**YOUR OBJECTIVE:**
Return each line below exactly as it reads, and omit any image in it.
[[ MATERIAL FOR THE TASK open ]]
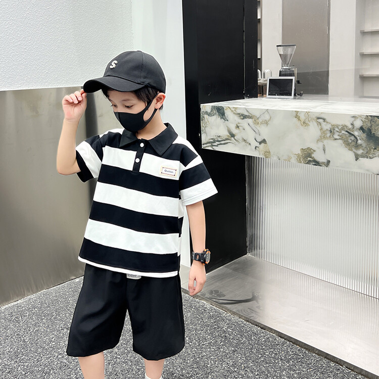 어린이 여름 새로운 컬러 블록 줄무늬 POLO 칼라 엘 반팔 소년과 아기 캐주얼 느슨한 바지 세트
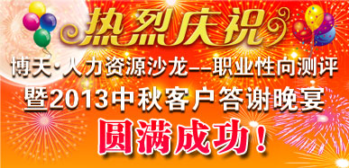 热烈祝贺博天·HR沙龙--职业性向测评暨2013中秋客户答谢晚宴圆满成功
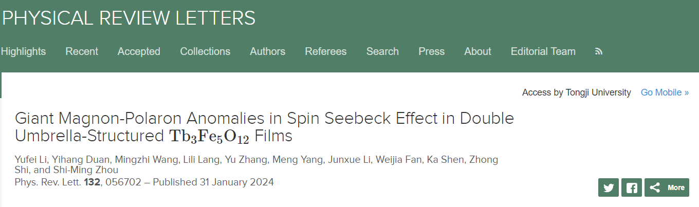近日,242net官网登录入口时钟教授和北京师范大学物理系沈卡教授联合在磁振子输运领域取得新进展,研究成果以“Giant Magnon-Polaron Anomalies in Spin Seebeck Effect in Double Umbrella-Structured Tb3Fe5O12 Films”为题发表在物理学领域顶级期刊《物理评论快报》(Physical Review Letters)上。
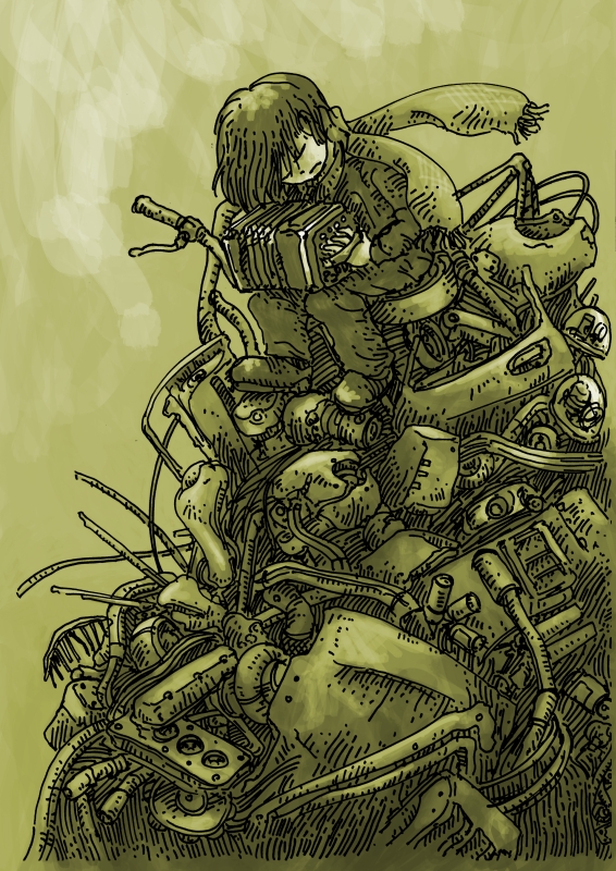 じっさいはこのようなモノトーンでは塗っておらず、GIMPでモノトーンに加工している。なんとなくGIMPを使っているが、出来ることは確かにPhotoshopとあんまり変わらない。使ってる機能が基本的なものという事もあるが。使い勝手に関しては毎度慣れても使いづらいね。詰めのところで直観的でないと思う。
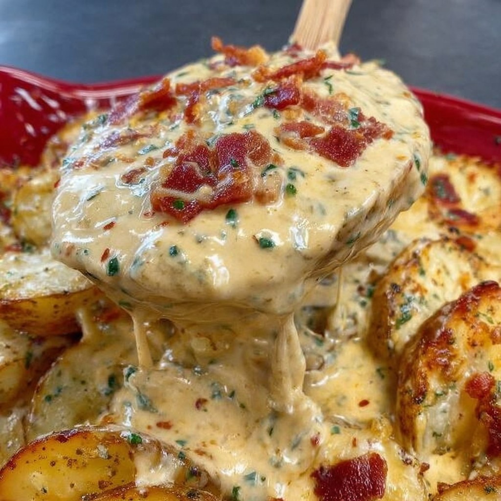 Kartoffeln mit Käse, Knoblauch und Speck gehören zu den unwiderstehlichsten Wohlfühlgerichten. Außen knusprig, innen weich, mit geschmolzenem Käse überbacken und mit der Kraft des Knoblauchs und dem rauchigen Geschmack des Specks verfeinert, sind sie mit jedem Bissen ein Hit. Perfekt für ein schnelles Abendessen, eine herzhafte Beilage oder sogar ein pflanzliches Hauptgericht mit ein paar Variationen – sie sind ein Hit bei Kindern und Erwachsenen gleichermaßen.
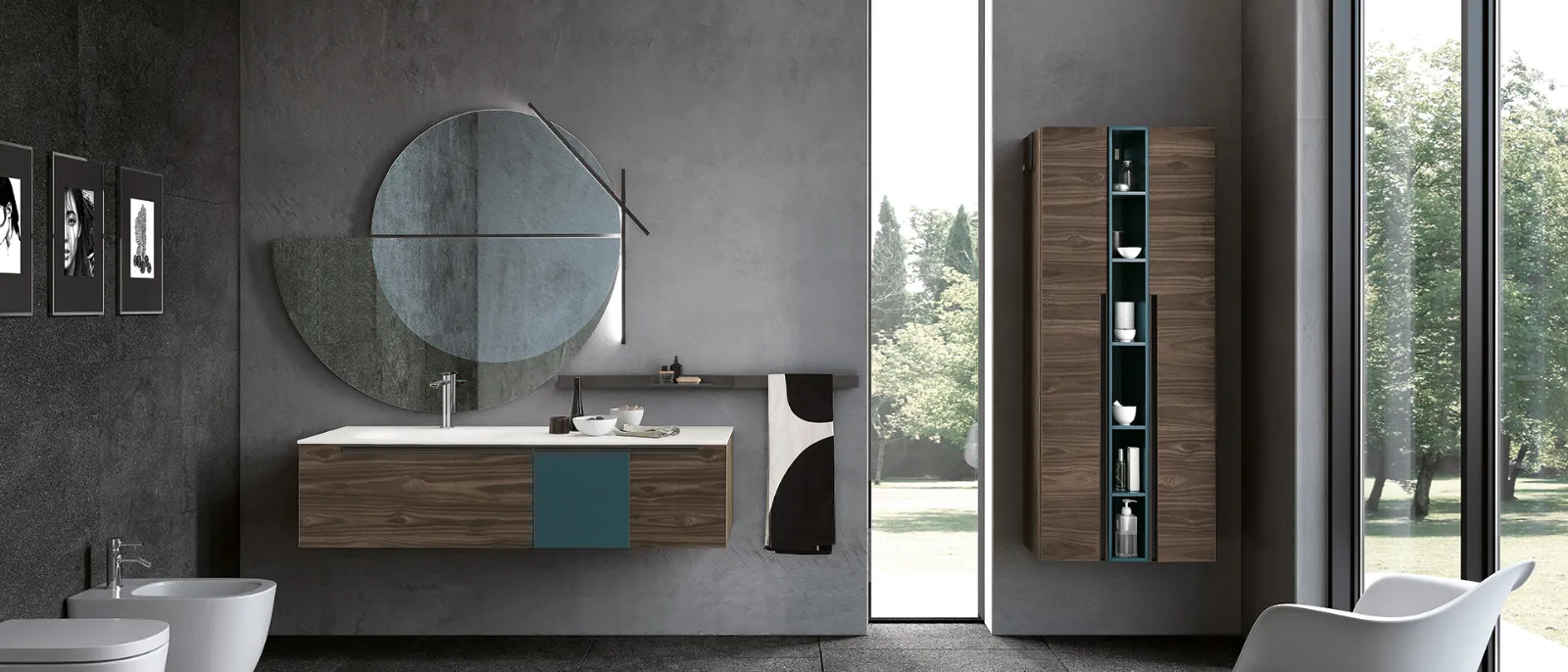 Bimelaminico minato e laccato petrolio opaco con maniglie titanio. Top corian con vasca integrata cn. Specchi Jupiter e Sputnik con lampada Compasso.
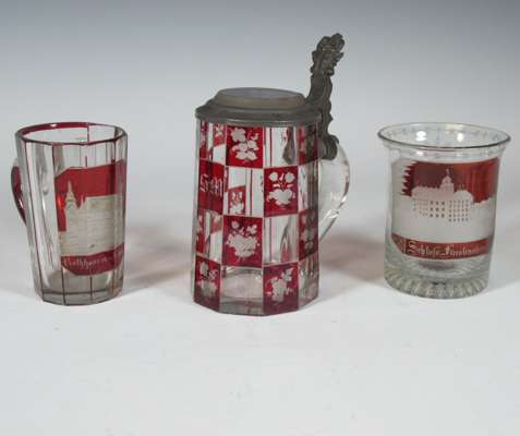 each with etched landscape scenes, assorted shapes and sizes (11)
[[ MATERIAL FOR THE TASK closed ]]
**TASK RESPONSE:**
 어린이 여름 새로운 컬러 블록 줄무늬 POLO 칼라 엘 반팔 소년과 아기 캐주얼 느슨한 바지 세트
 热烈祝贺博天·HR沙龙--职业性向测评暨2013中秋客户答谢晚宴圆满成功
近日,242net官网登录入口时钟教授和北京师范大学物理系沈卡教授联合在磁振子输运领域取得新进展,研究成果以“Giant Magnon-Polaron Anomalies in Spin Seebeck Effect in Double Umbrella-Structured Tb3Fe5O12 Films”为题发表在物理学领域顶级期刊《物理评论快报》(Physical Review Letters)上。
 じっさいはこのようなモノトーンでは塗っておらず、GIMPでモノトーンに加工している。なんとなくGIMPを使っているが、出来ることは確かにPhotoshopとあんまり変わらない。使ってる機能が基本的なものという事もあるが。使い勝手に関しては毎度慣れても使いづらいね。詰めのところで直観的でないと思う。
 Kartoffeln mit Käse, Knoblauch und Speck gehören zu den unwiderstehlichsten Wohlfühlgerichten. Außen knusprig, innen weich, mit geschmolzenem Käse überbacken und mit der Kraft des Knoblauchs und dem rauchigen Geschmack des Specks verfeinert, sind sie mit jedem Bissen ein Hit. Perfekt für ein schnelles Abendessen, eine herzhafte Beilage oder sogar ein pflanzliches Hauptgericht mit ein paar Variationen – sie sind ein Hit bei Kindern und Erwachsenen gleichermaßen.
 Bimelaminico minato e laccato petrolio opaco con maniglie titanio. Top corian con vasca integrata cn. Specchi Jupiter e Sputnik con lampada Compasso.
 each with etched landscape scenes, assorted shapes and sizes (11)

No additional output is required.